A Acta

bye, bye THISYouKNOWmustNOTbemaned***

Unfortunately on Oct. 1st some countries signed the socalled Anti-Counterfeiting Trade Agreement (ACTA). The European Union may eventually join in. The agreement is rather problematic.


As an example here a citation from Section 5, No.4, E-15:

“A Party may provide, in accordance with its laws and regulations, its competent authorities with the authority to order an online service provider to disclose expeditiously to a right holder information sufficient to identify a subscriber whose account was allegedly used for infringement, where that right holder has filed a legally sufficient claim of trademark or copyright or related rights infringement, and where such information is being sought for the purpose of protecting or enforcing those rights.”

A “party” seems to be the countries which signed the agreement and according to
E-3,c):

“competent authorities includes the appropriate judicial, administrative, or law enforcement authorities under a Party’s law;”

In particular “competent authorities” don’t need to be judges.

So a right holder (i.e. for example someone who had filed a trademark) may -as I understand the above- in principle get even without a judge and even in disputable cases private data from an internet provider.

For more see for example the collected documents at La quadrature du net, or read the full text.
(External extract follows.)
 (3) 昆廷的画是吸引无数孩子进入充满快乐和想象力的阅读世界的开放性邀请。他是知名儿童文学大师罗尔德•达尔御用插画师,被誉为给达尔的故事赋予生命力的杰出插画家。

The European parliament seems also to have problems with ACTA. However the situation is not yet settled in the EU. Moreover there seems to be no real process of discussing and questioning the current use and sense of IPR (Intellectual Property Rights) per se. The Anti-Counterfeiting Trade Agreement (ACTA), Fact sheet from the European Comission in 2008 states that:

The competitiveness of the EU economy depends on large part of economic activities that need IPR protection, i.e. high quality products and brands (trademarks, geographical indications), innovative industries (patents) or entertainment (copyright). Large scale abuse of these rights, by counterfeiters who free-ride on the innovative and quality-enhancing efforts undertaken by the EU industry has a devastating impact on growth and employment.
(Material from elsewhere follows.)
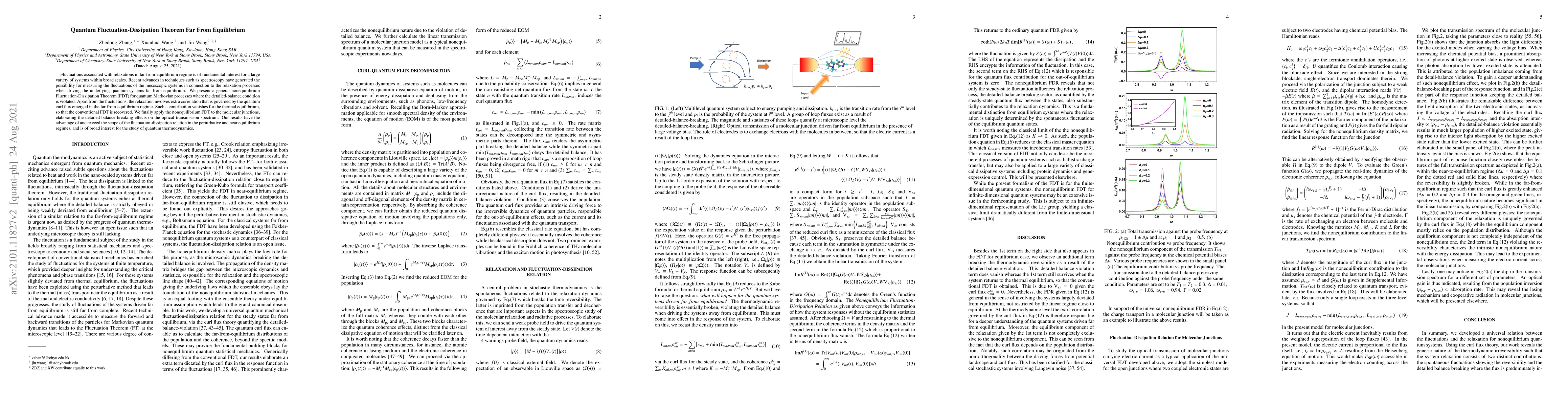 This paper presents a universal nonequilibrium Fluctuation-Dissipation Theorem for quantum systems far from equilibrium, highlighting the quantum curl flux's role in relaxation processes and its impact on optical transmission in molecular junctions, extending beyond conventional FDT applicability.

So for the EU officials it seems to be clear that the current use of IPR fosters innovation and creativity. In particular there is for example no big discussion about, how much inventors or creators really benefit from these rights, what constitutes intellectual work in our times and how IPR may eventually hamper innovation and creativity etc.

In an earlier randform post the game project MMOGEP which contains the game Utopia was introduced in a draft. I meanwhile put a little bit more details (please see sections “costs for development” and “usefulness”) into the draft of Utopia. In particular I tried to adress a little bit of the IPR/patent issue and started to discuss some possible alternatives.
A discussion about “IPR” in academia can be found in this randform post.

***footnote: Note that using the words snow and white one after the other under certain circumstances may eventually soon be a trademark infringement. That is “snow” followed by “white” may be very intellectual property in certain circumstances.

So let’s see what happens to schneewitchen.